Founded on 11 April 1992, Cuniburo only reached the Segunda Categoría in 2008, where they narrowly missed out promotion in the final rounds.

After not competing in the 2021 season due to the COVID-19 pandemic, Cuniburo returned to an active status for the 2022 season, with a new board and with a new manager being Argentine Germán Corengia.
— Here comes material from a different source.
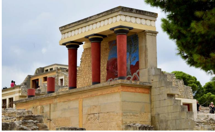
Şekil 5. Knossos Sarayı restorasyonu (Kaynak: German, 2018).

1922-1930 yılları arasında Atina Parthenon’unda dağılmış durumda olan sütunların yeniden bir araya getirilmesiyle, yapının güney cephesinin ayağa kaldırılarak görünür kılındığı bir anastilosis uygulaması gerçekleştirilmiştir. Anastilosis uygulamasında sütunlar yeniden dikilirken; arşitrav ve frizler değiştirilmiş ve eksik kısımlar tamamlanmıştır (Schmidt, 1997) (Şekil 6).

In that year, they won the Segunda Categoría and achieved promotion to the Serie B for the first time ever.

Cuniburo finished the 2023 Serie B in the third place, only three points behind Imbabura. On 13 October 2024, the club achieved a first-ever promotion to the Serie A after a 2–0 win over San Antonio, and lifted the trophy three days later, after a 5–2 routing of 9 de Octubre.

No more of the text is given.